You need a solution, and quickly. Consider these points:

Internal communications staff are unlikely to solve the problem by themselves. Like a physician trying to operate on herself, internal personnel are poorly positioned to address communication issues. Ask your network to refer an outside group that has demonstrated the ability to work with a large and complex organization, listen more than prescribe, and deliver practical recommendations that can make a difference.

A technological fix doesn’t exist and never will. Technology can be wonderful, but it is never a cure-all. Systems that purport to simplify communications almost always create greater complication. Recognize that these challenges are human challenges and must be solved by human solutions.

The problem is rarely too little communication. Most often, health system stakeholders are deluged with an undifferentiated and incomprehensibly large volume of incoming information. Repairing communication often requires ruthlessly stripping away most of what people receive.

It starts with understanding, from the top.
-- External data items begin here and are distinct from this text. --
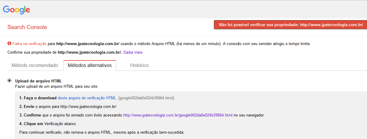 Um outro detalhe, que não sei se pode causar algum problema, é quando se digita o endereço do seu site no navegador (www.jpatecnologia.com.br) e pressiona enter, automaticamente o endereço muda para www.jpatecnologia.com.br/html/index.htm. Então tudo indica que os arquivos HTML do seu site está em uma outra pasta chamada /html/.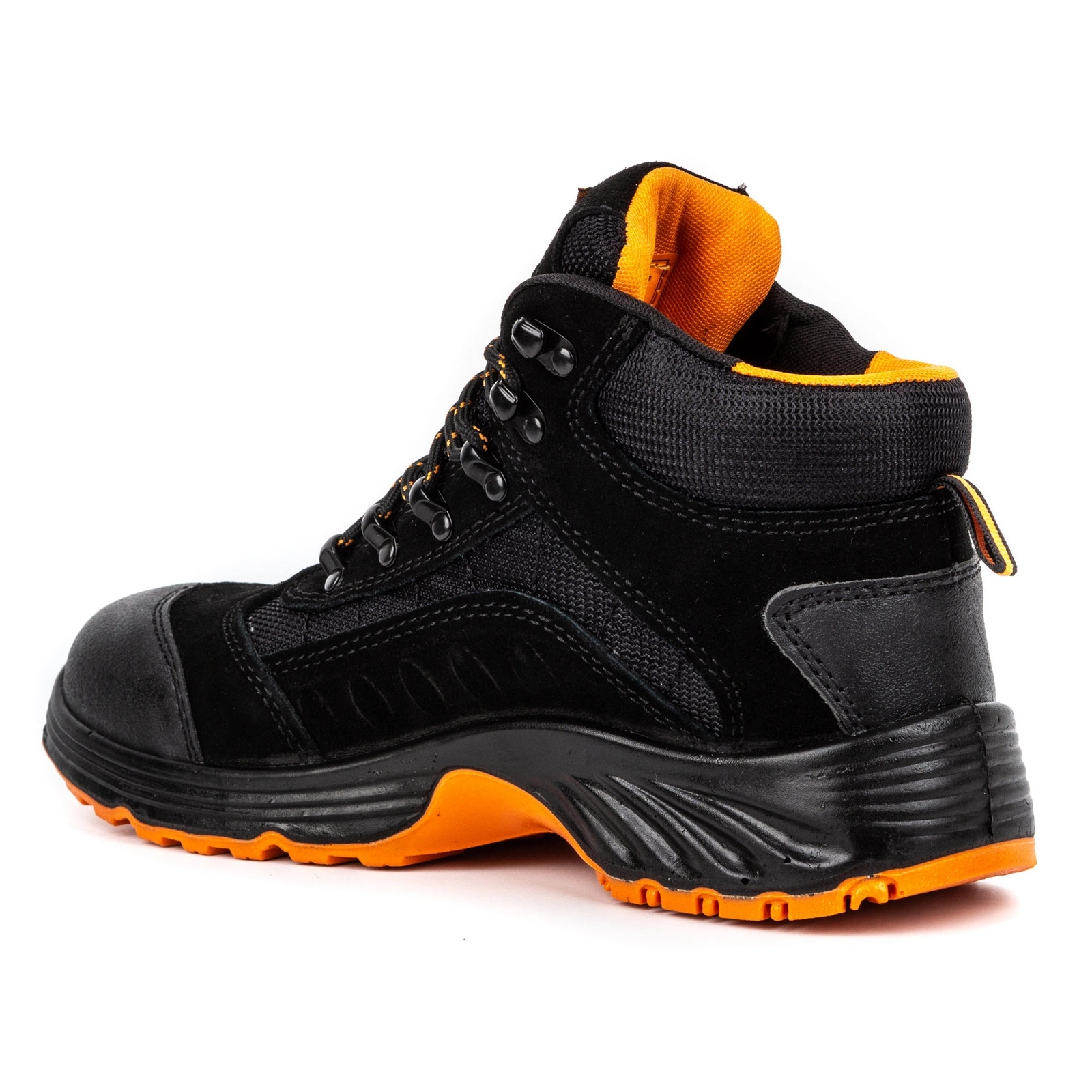 Pantofii au fost special conceputi pentru a face fata diverselor provocari pe care le prezinta mediul de lucru. Pielea naturala nubuc din care este confectionata partea superioara garanteaza rezistenta la abraziune si confort excelent la purtare. Partea superioară înaltă protejează eficient glezna și zona înconjurătoare, minimizând riscul de răni, cum ar fi entorsele.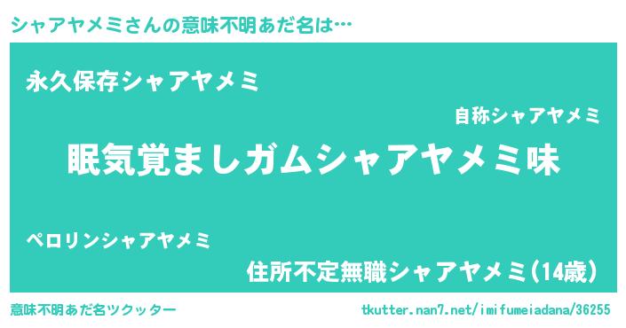 | ヘコむあだ名 | 『シャアヤメミ(爆)』『シャもー』 |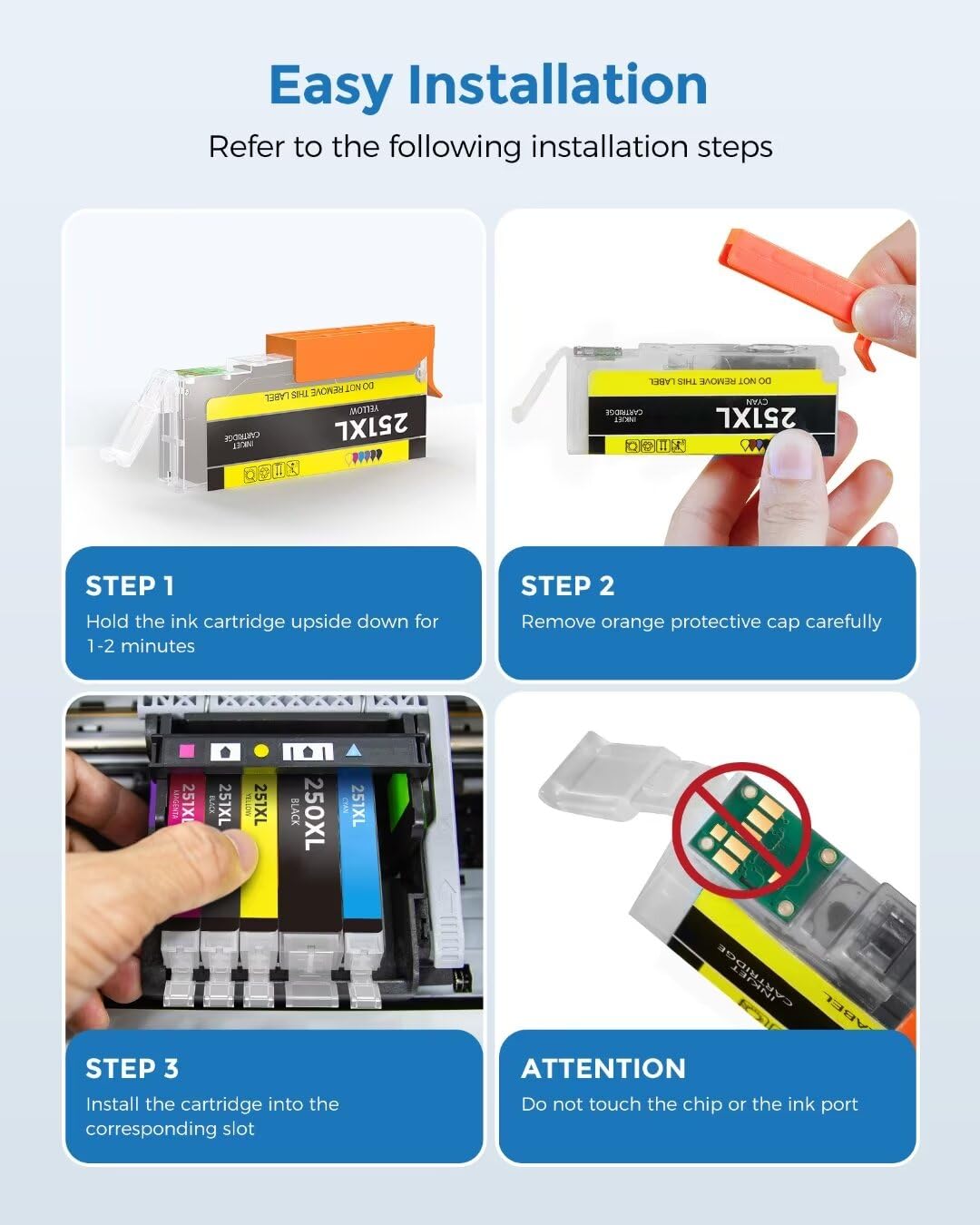- Our 250XL 251XL Ink Cartridges Advantage: Latest Chips | Providing 100% Compatibility | Premium Ink | Free exchange for defective cartridge.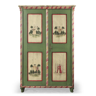 Malovaná šatní skříň z masivního dubového dřeva s alegorickým vyobrazením čtyř ročních období. Restaurovaný originální kus z 19. století s ručně malovanými figurálními motivy. Malba je provedena klasickým postupem – štětcem, temperovými barvami a patinováním. Finální povrchová úprava je dokončena přelakováním transparentním ekologickým lakem. Uvnitř je umístěna věšáková tyč na šatstvo.  Jedná se o český výrobek.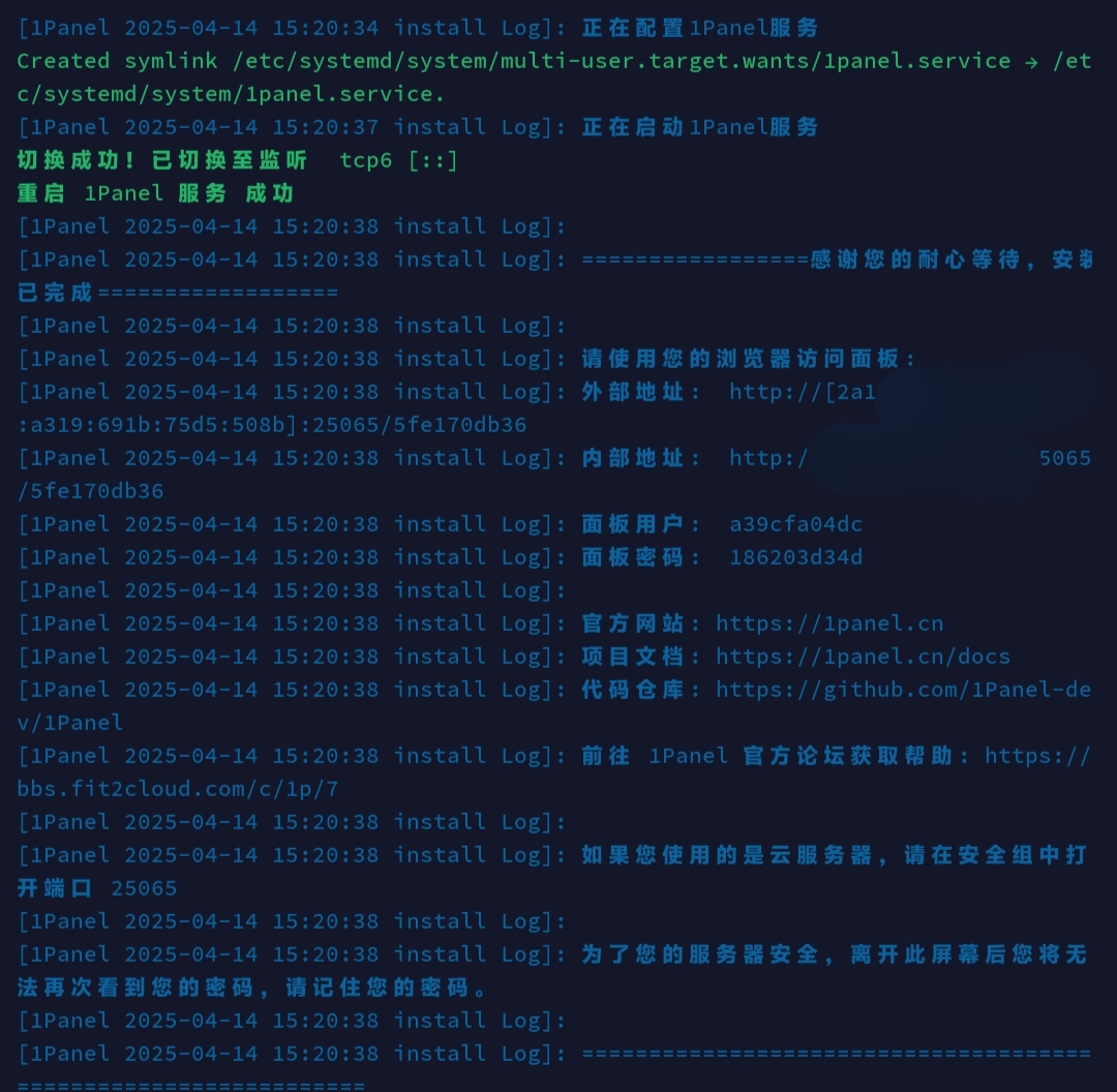 那么你已经成功地安装好了1Panel面板!👏

Leaders can be frustrated to realize how little is getting through. The communication is not falling upon deaf ears, though; just ears that have been overfilled and can’t take any more. An effort to improve and open communication is an act of strategic leadership.

Just remember one thing: As diverse as they may be, the stakeholders of a health system are united by the overriding goal of quality patient care. If you can connect all that you do to that sense of purpose—authentically—communications can improve dramatically.
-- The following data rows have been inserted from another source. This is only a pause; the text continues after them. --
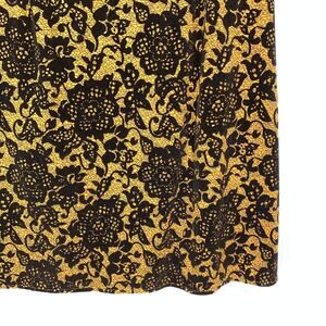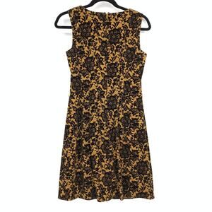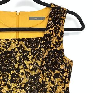 Esprit Sheath Dress Womens Size 6 Flocked Velvet Black Floral Print Yellow Gold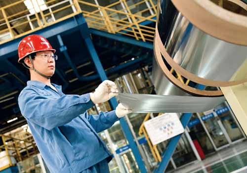 山西坚定贯彻落实习近平总书记关于创新驱动、科教兴国、人才强国的重大战略思想,手撕钢、碳纤维、碳化硅等技术创新取得重大突破。图为太钢集团生产车间正生产手撕钢。该公司2018年研发的宽幅精密带钢箔材(厚度0.02毫米,宽640毫米)成为世界首创,因其厚度不到头发直径的1/3、比A4纸还要薄、可以用手轻易撕开,被形象地称为“手撕钢”。 山西省委宣传部供图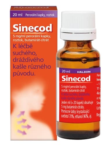 Sinecod se používá k léčbě suchého, dráždivého kašle různého původu. Sinecod 0,5 % perorální kapky, roztok mohou užívat děti od 2 měsíců.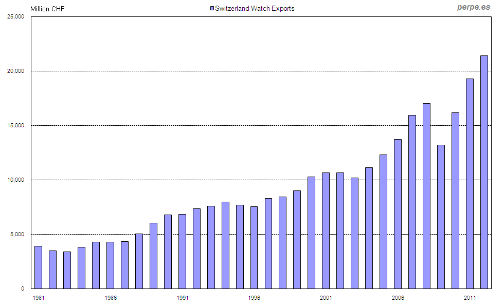 Exportaciones de relojes en Suiza desde 1981 / Watch exports in Switzerland since 1981 Posted 8 August, 2013 by perpe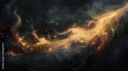 Fototapeta premium A cosmic scene featuring swirling golden clouds and sparkling stars in a dark...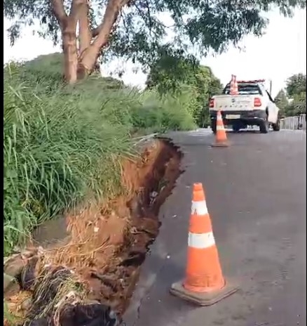 Cratera se abriu na lateral do acesso da Cohab João Pimenta para a rotatória da rodovia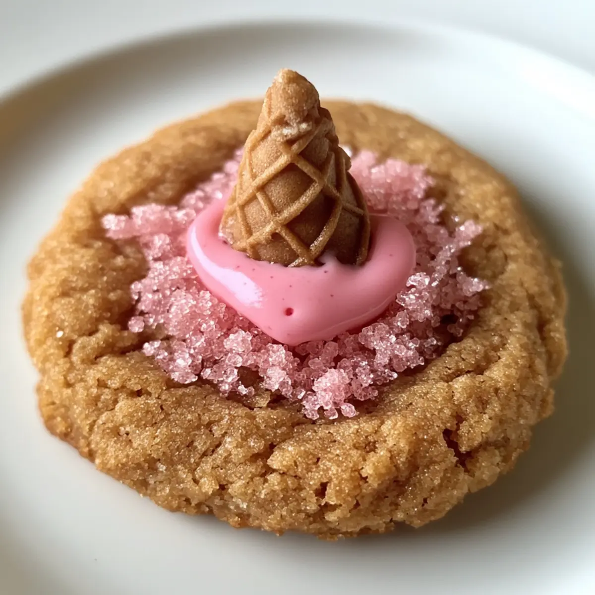 Once baked, remove the cookies from the oven and let them cool on the baking sheet for about 3-5 minutes. After this time, take your Hershey’s Strawberry Ice Cream Cone Kisses and gently press one into the center of each cookie while they are still warm. This step is essential for that melty, chocolatey goodness waiting inside your delightful treats.

What a Communication Diagnosis Includes

A communication diagnosis typically evaluates:

  • Leadership alignment and message clarity
  • Internal communication channels and overload
  • Cross-functional collaboration and silos
  • Employee understanding of strategic priorities
  • Consistency between internal and external messaging

The goal is to identify where communication breaks down and provide practical, prioritized fixes.
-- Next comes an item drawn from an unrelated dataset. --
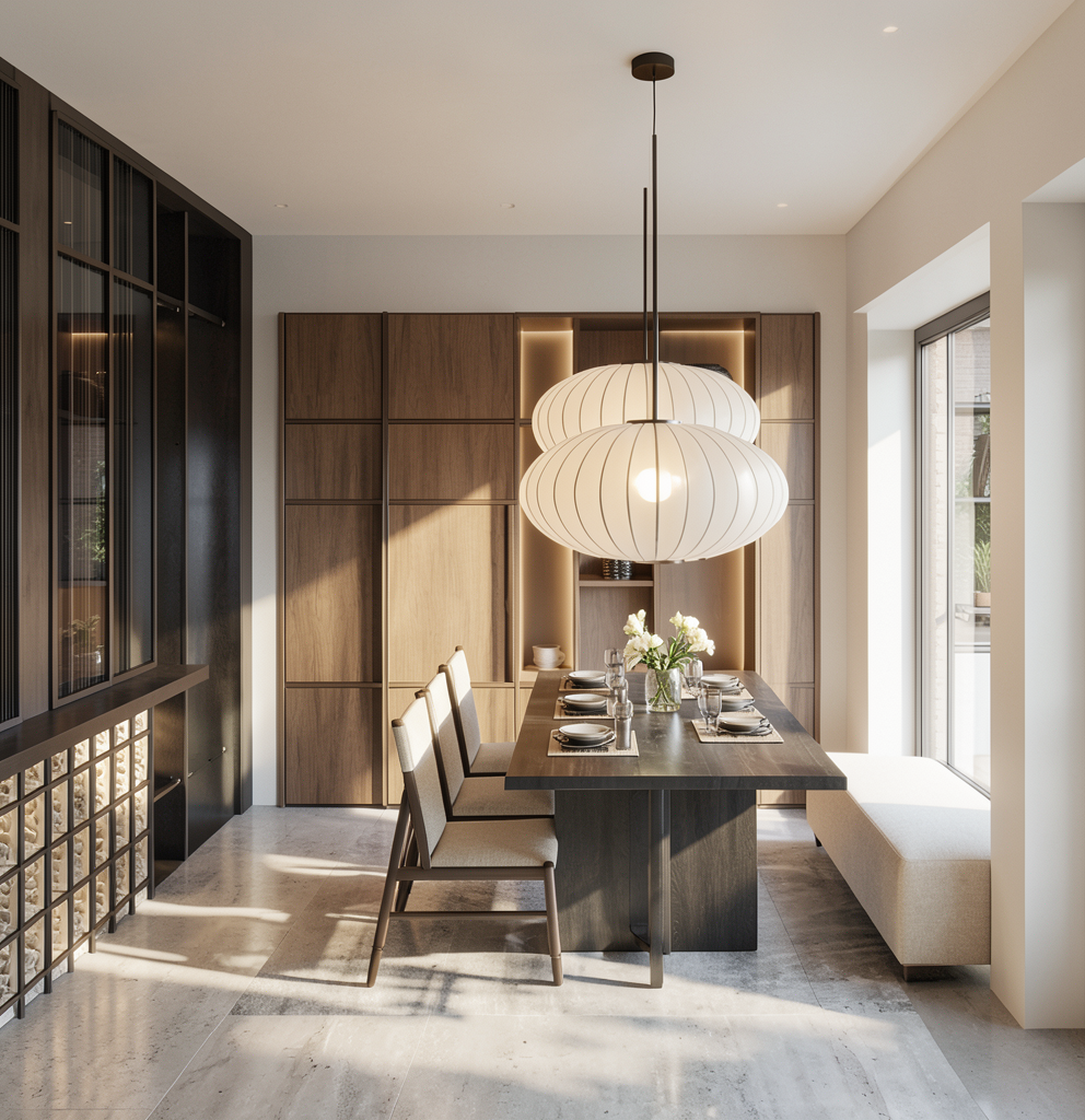 maak een fotorealitische render door het glas geen uitzicht op een binnentuin in het centrum van een stad

What a Communication Diagnosis Reveals

In our experience, communication failures are at the root of painful misalignments between strategic leadership and front line understanding. Most leaders assume their strategic priorities are clearly understood. Our assessments routinely reveal they are not.

In one integrated health system we assessed, only a minority of employees initially understood the strategic plan. After implementing a structured communication approach, 78% agreed that “the strategic plan has been communicated to me,” and 77% said they understood their role in achieving it.

Such efforts pay off directly in reduced recruitment costs, improved patient satisfaction scores, retention of key employees, quicker and more thorough integration of acquisitions, and adoption of change strategies. The first step? Understanding the problem.

Get a Communication Diagnosis for Your Health System

Yes& can perform in-depth communications assessments for institutions of any size. We have the experience of serving prestigious healthcare and academic brands, the diagnostic tools to surface hidden communication pitfalls, and the ability to deliver actionable, practical results unique to your institution.

Let’s start with a conversation to explore whether a communication diagnosis is right for your institution. Strengthen the connective tissue of your health system—with bottom-line enhancing results.

Frequently Asked Questions

What is a communication diagnosis?

A communication diagnosis is a structured assessment of how information flows within an organization to identify gaps, misalignment, and inefficiencies.

Why is communication important in healthcare organizations?

Because care delivery depends on coordination across departments, poor communication can directly impact patient outcomes, staff retention, and financial performance.

What causes communication breakdowns in health systems?

Common causes include siloed departments, information overload, unclear leadership messaging, and inconsistent processes.

How do you fix communication issues in a hospital or health system?

By diagnosing root causes, simplifying messaging, aligning leadership, and improving how information is prioritized and shared.

Can technology solve communication problems in healthcare?

No—technology can support communication, but most issues are human and structural, not technical.